> [Your instructions] All lines from the beginning of the listing through the line with "(2)进攻节奏放缓 = 火麒麟的退环境。" are to be copied word for word; the pictures are not.
= = = =
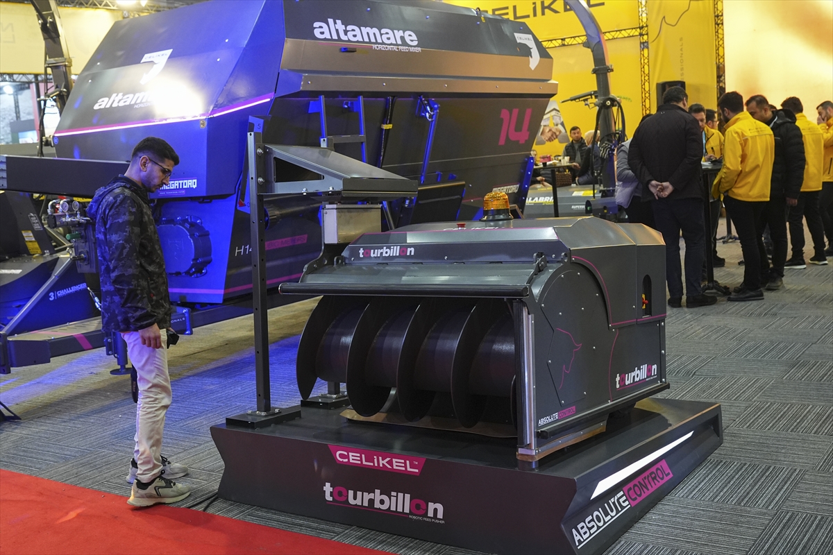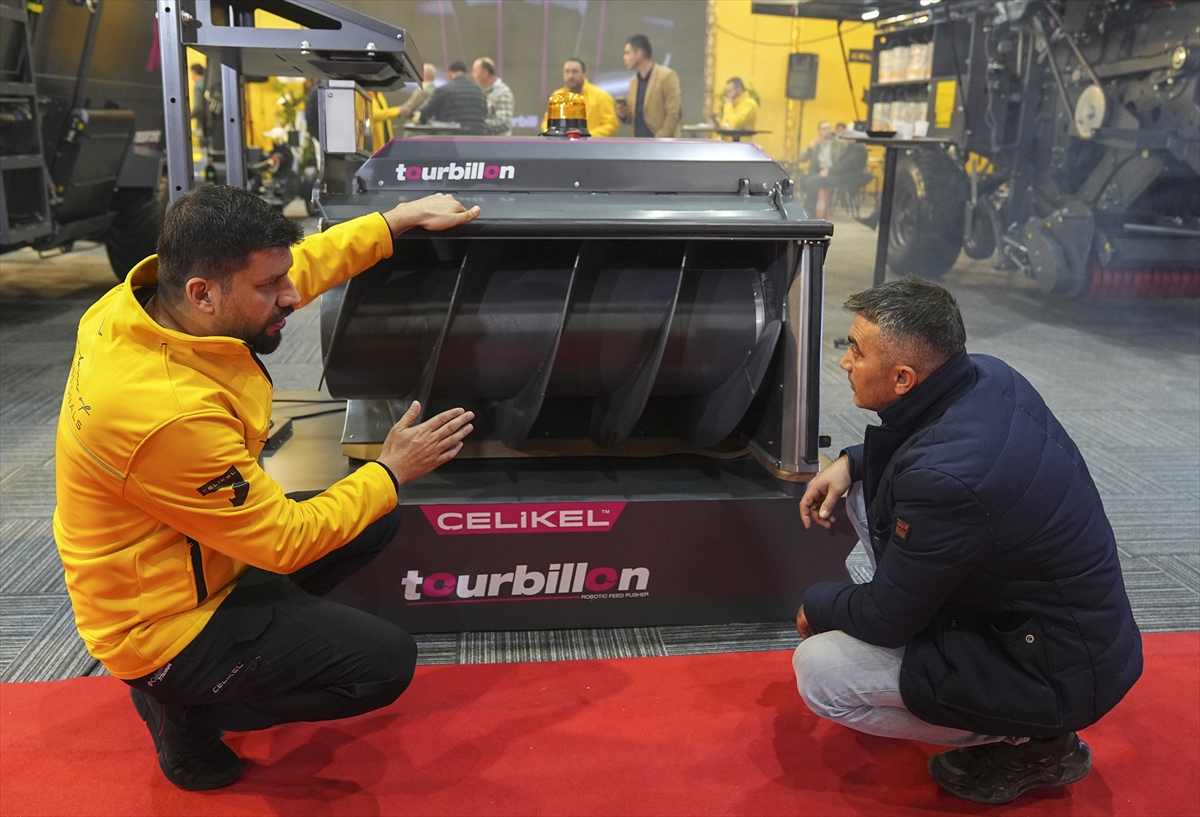 Konya'da tarım makineleri üretimi yapan bir firma, çiftliklerde iş gücü ve yem israfını azaltıp, süt ve et verimini artırması amacıyla geliştirdiği "Tourbillon" adlı yem itme robotunu ilk kez tanıttı.
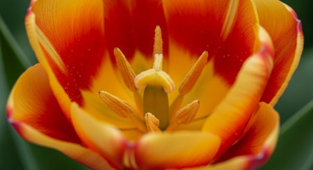Open bud of a Red tulp flower closeup, Selective focus. Gardening spring concept
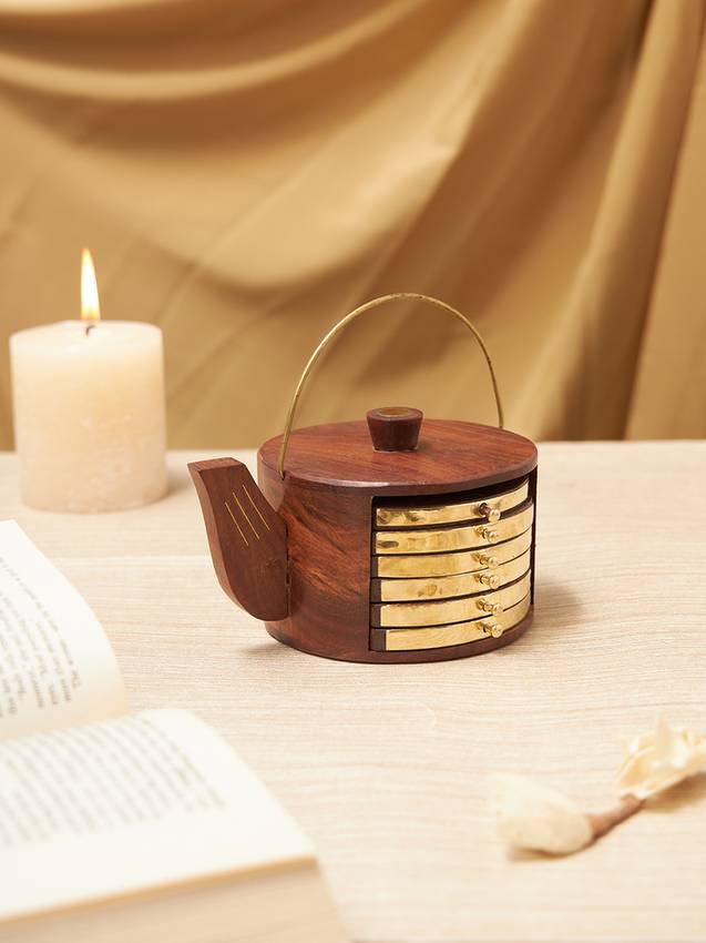 Handcrafted Wooden Kettle-Shaped Storage Box with Brass Inlay | Decorative Tea Pot Design Organizer by Sthulas
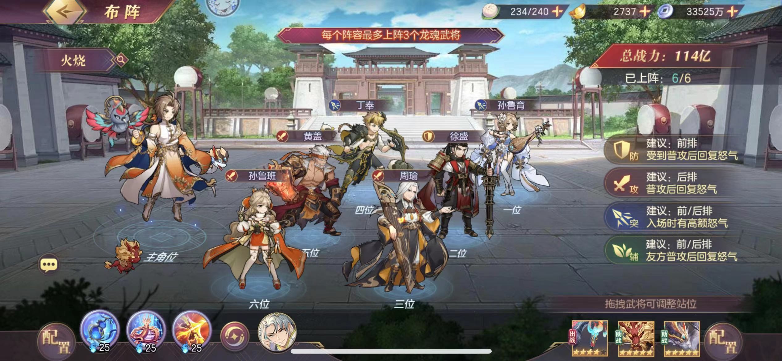 灵宠上,朱雀换毕方,助战依然是烛龙必备,外加一个摇摆位(目前版本腾蛇、夫诸均为不错的选择)。至于火麒麟,在毕方+烛龙后,我认为属于退环境了(理由是输出已经够了),加之SP周瑜被黄盖更替后,火烧整体进攻节奏全面减缓(可以看看火麒麟是否能在第一回合跳2下,以前是可以的),(1)输出已经足量 + (2)进攻节奏放缓 = 火麒麟的退环境。
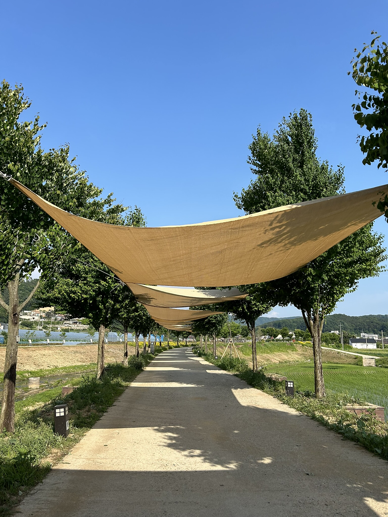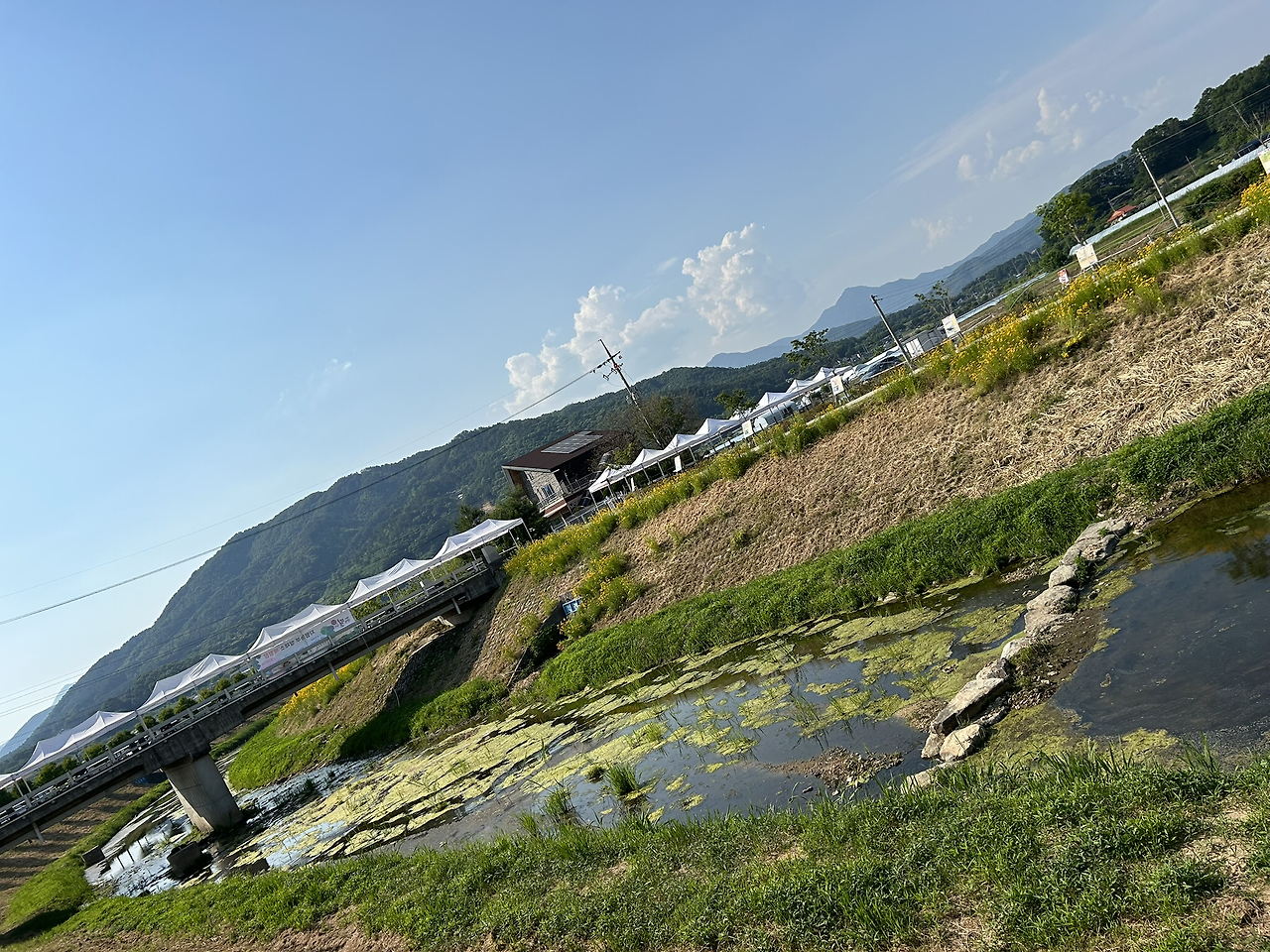 오디 따기 체험농장에 갔다. 오디를 양껏 따먹고 남으면 킬로그램당 오천 원에 사면된다고 했다. 푸짐한 조찬과 오찬으로 인한 포만감이 심해서 농장에서 딴 오디는 두 알 밖에 먹지 못하고 아내와 함께 딴 2통을 모두 포장했다. 이어서 양평밀밭축제를 준비 중인 들판으로 향했다. 지방자치단체 관계자인 듯한 사람들이 행사장을 준비하고 있었다. 개장 하루 전이라는 데 제법 그럴듯하게 꾸며져 있었다. 밀밭에서 가곡을 흥얼거려 본다. “보리밭 사잇길로 걸어가면 님이 부르는 소리 있어 발을 멈춘다. 옛 생각이......”
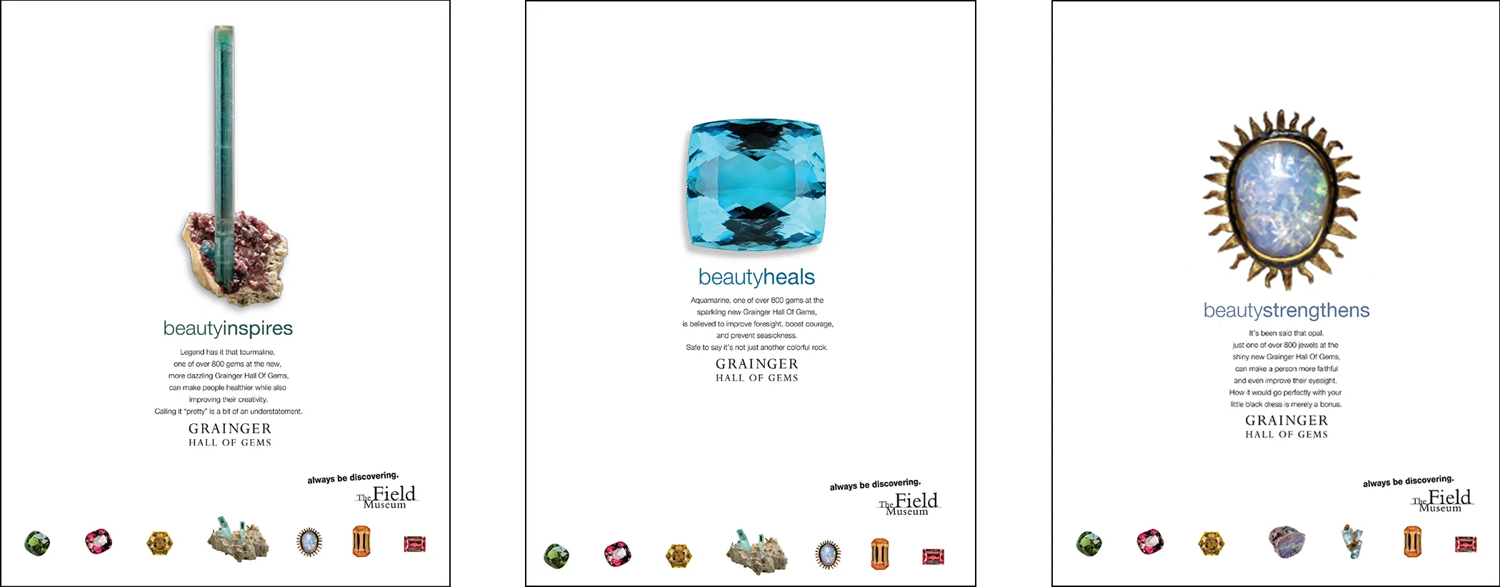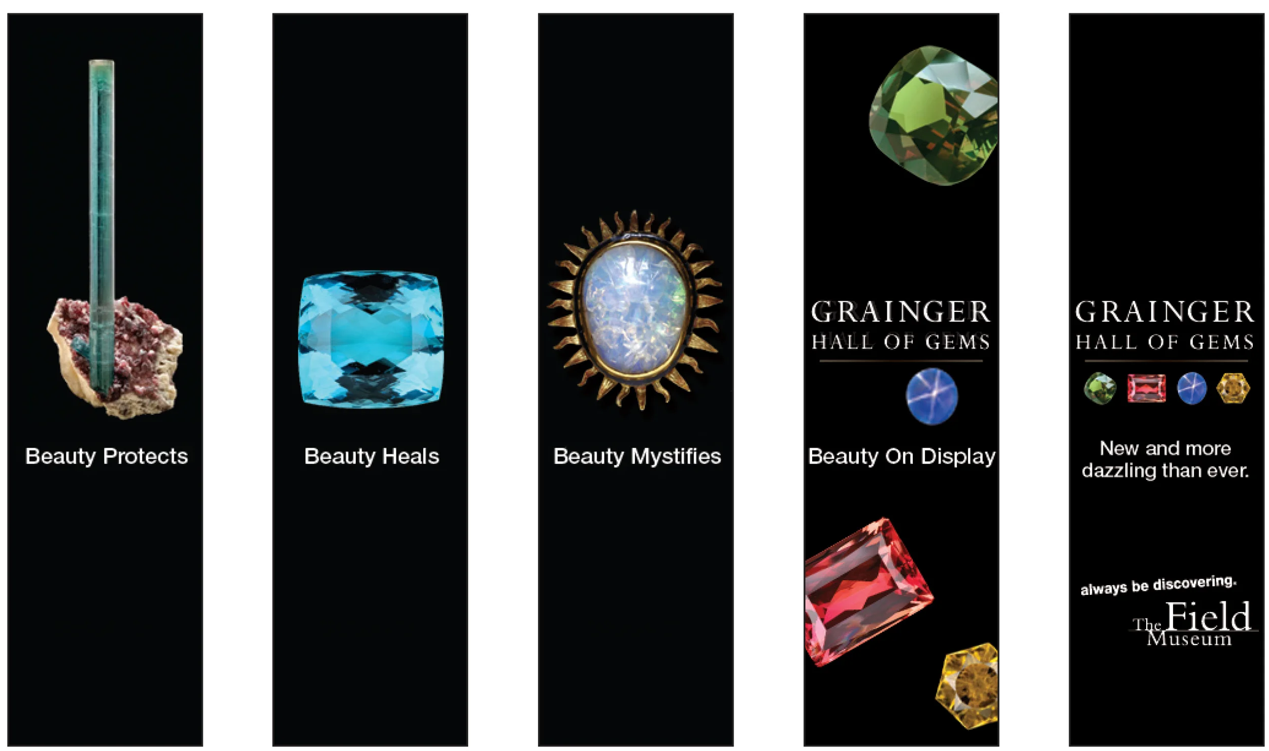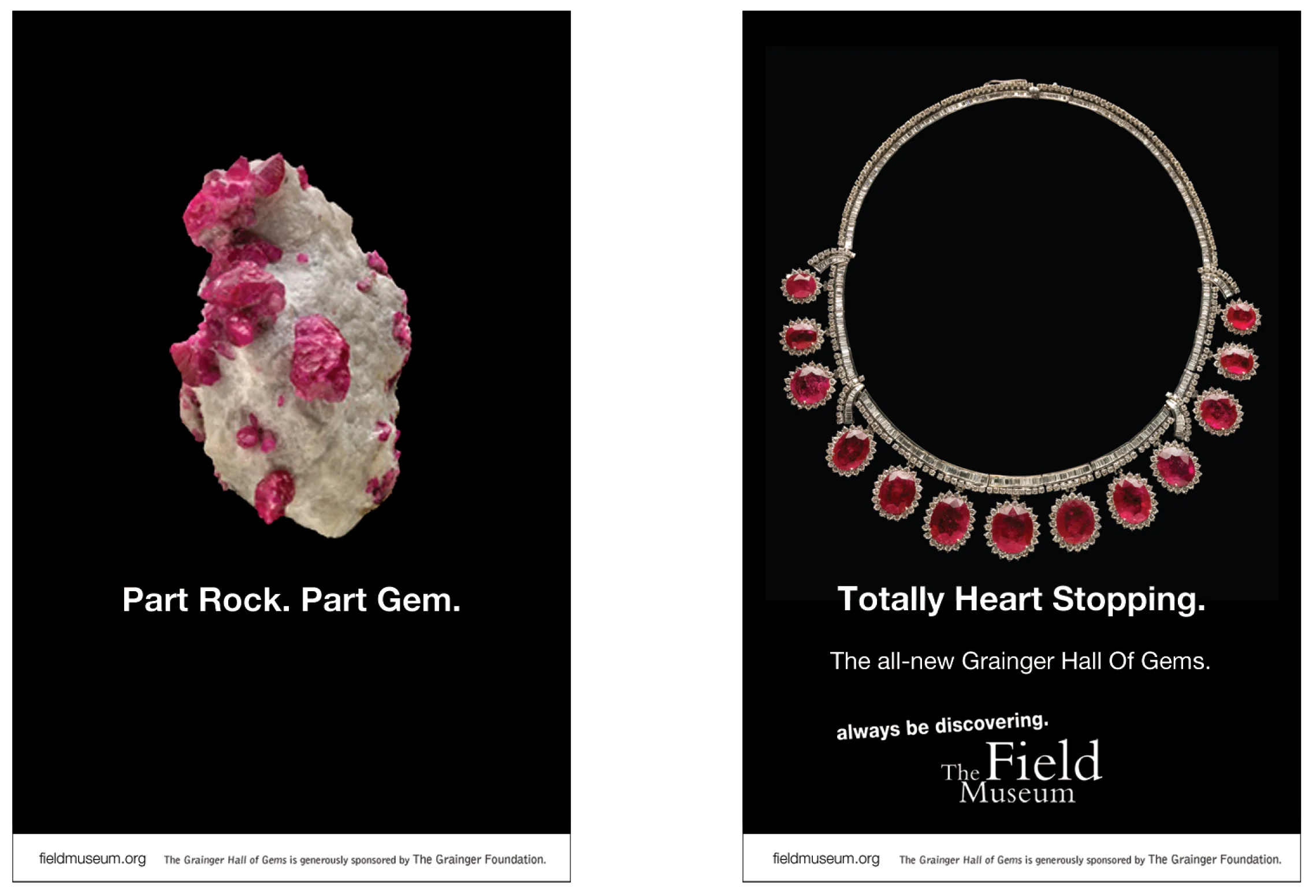 The Field Museum of Chicago was highlighting two gems shows simultaneously. One was a jewelry exhibit and the other featured the actual minerals and stones that are mined for gems. So the advertising had to incorporate both.
= = = =
> [Solution to this task]
 Konya'da tarım makineleri üretimi yapan bir firma, çiftliklerde iş gücü ve yem israfını azaltıp, süt ve et verimini artırması amacıyla geliştirdiği "Tourbillon" adlı yem itme robotunu ilk kez tanıttı.
Open bud of a Red tulp flower closeup, Selective focus. Gardening spring concept
 Handcrafted Wooden Kettle-Shaped Storage Box with Brass Inlay | Decorative Tea Pot Design Organizer by Sthulas
 灵宠上,朱雀换毕方,助战依然是烛龙必备,外加一个摇摆位(目前版本腾蛇、夫诸均为不错的选择)。至于火麒麟,在毕方+烛龙后,我认为属于退环境了(理由是输出已经够了),加之SP周瑜被黄盖更替后,火烧整体进攻节奏全面减缓(可以看看火麒麟是否能在第一回合跳2下,以前是可以的),(1)输出已经足量 + (2)进攻节奏放缓 = 火麒麟的退环境。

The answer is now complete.